Segment Start: DATA PROVIDED

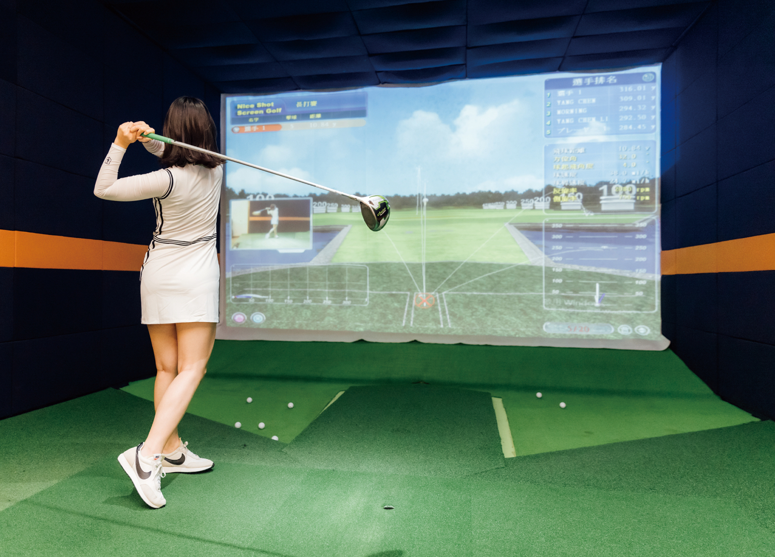 經理吳秀容表示,室內高爾夫球運用「Nice Shot 3D最新高球模擬系統」,可進行揮桿練習與18洞賽事體驗。帥氣揮杆將小白球打擊出去,超高速攝影機加上雷達偵測,眼前螢幕即時顯示影像並輔以實境音效;上果嶺後,還有模擬坡度起伏上下移動的地板、貼近真實球場的推杆模擬,系統也仿真沙坑、水池等實境,逼真程度之高,讓虛擬體驗也能帶來真實感受。對於高爾夫球初學者,圓石灘室內高爾夫俱樂部也推出教練課程,專業教學帶領大家在涼爽空間中,找到高爾夫球手感。
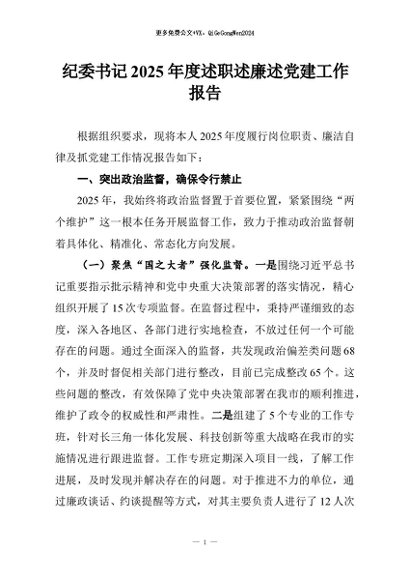 / 【七哥公文】2025年:纪委书记2025年度述职述廉述党建工作报告+更多免费公文+VX:QiGeGongWen2024
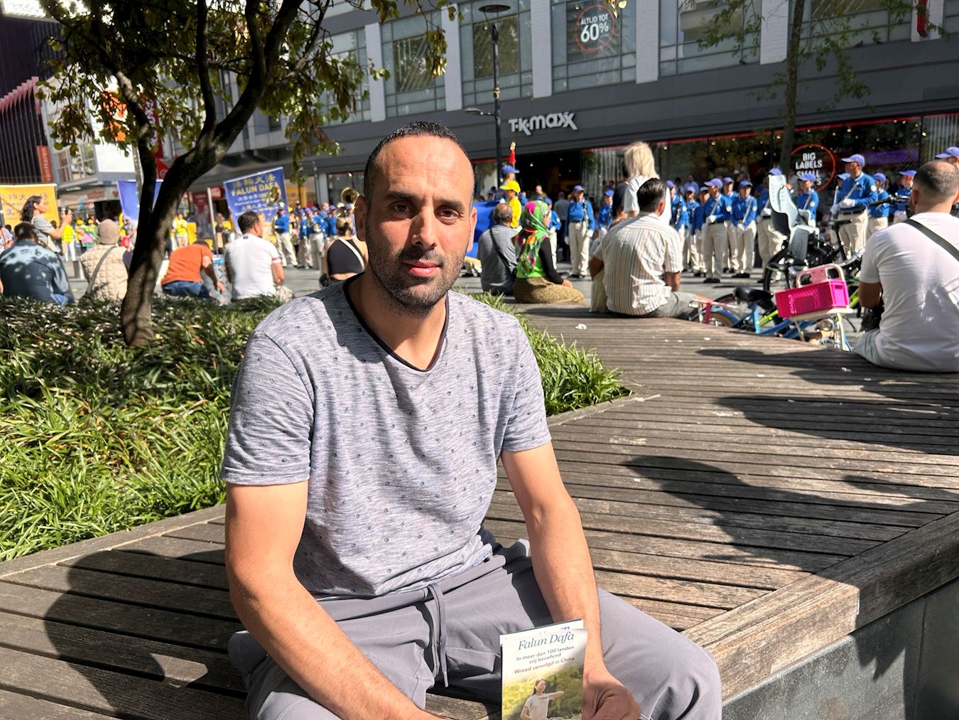 Noven iz Maroka je seo i slušao dok je Tian Guo Marching Band nastupao posle marša. Rekao je da ih je pratio tokom marša tog jutra, i ne zna zašto, ali se osećao sjajno dok je bio sa njima. Nakon što mu je jedan praktikant ispričao o progonu u Kini, rekao je: „Nisam znao za ovo. Svako bi trebalo da ima slobodu, pa se nadam da se možete osloboditi represije. Osećam se prijatno slušajući muziku. Nastaviću da pratim Falun Gong i nadam se da ćete uspeti da zaustavite progon!“
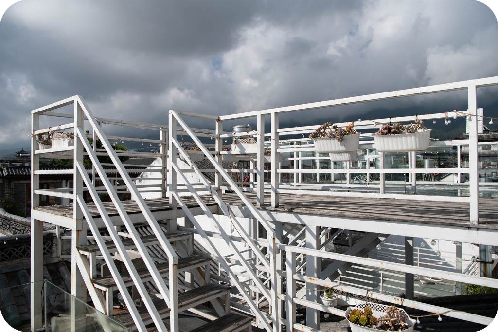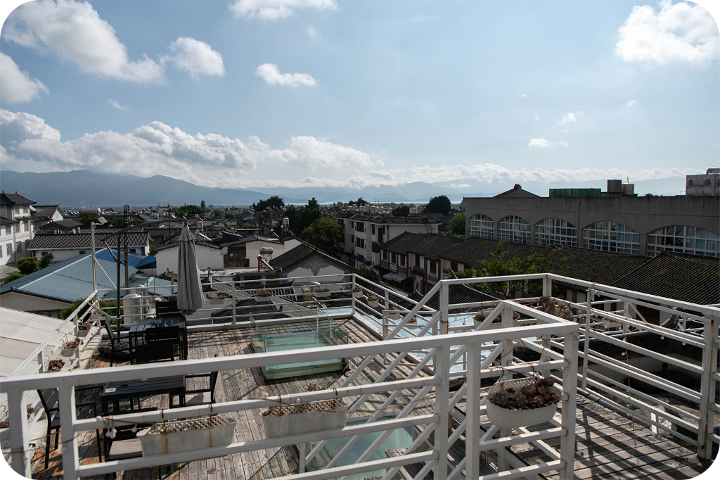再次走上客栈的楼顶露台,去年曾在这里拍下了云南之行的第一张照片,还是颇为怀念的。
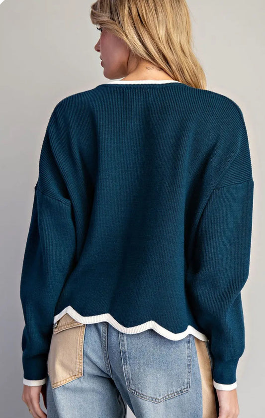 Contrast teal scallop trim sweater
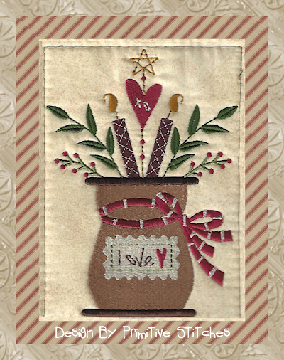 MACHINE EMBROIDERY-PS-360-Candle Heart Valentine Arrangement-5X7-Fill5 x 7 Inches-$8.004.91" X 6.83"22307 Stitches8/12 ColorsFormats Included in Zip File:DST, EXP, HUS, JEF, PES, VIP, XXX, SEW, VP3, CSD, EMDEmbird Color Palette File IncludedArtwork & Digitized by: Rhonda Bowers of Primitive Stitches"Copyright" Primitive Stitches 2019All Rights Reserved
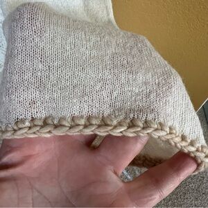 Ivory sheer knit sweater. Tunic or mini-dress length. Open weave abstract geometric design body. Braided natural trim accents at scoop neckline and cuffs. Gathered tiered ruffle hem - by Free People!

Segment End: DATA PROVIDED

EXERCISE GOAL: Skip the pictures and retype exactly the lines from the one that contains "Contrast teal scallop trim sweater" to the last line of the records.

ANSWER SECTION:
 Contrast teal scallop trim sweater
 MACHINE EMBROIDERY-PS-360-Candle Heart Valentine Arrangement-5X7-Fill5 x 7 Inches-$8.004.91" X 6.83"22307 Stitches8/12 ColorsFormats Included in Zip File:DST, EXP, HUS, JEF, PES, VIP, XXX, SEW, VP3, CSD, EMDEmbird Color Palette File IncludedArtwork & Digitized by: Rhonda Bowers of Primitive Stitches"Copyright" Primitive Stitches 2019All Rights Reserved
 Ivory sheer knit sweater. Tunic or mini-dress length. Open weave abstract geometric design body. Braided natural trim accents at scoop neckline and cuffs. Gathered tiered ruffle hem - by Free People!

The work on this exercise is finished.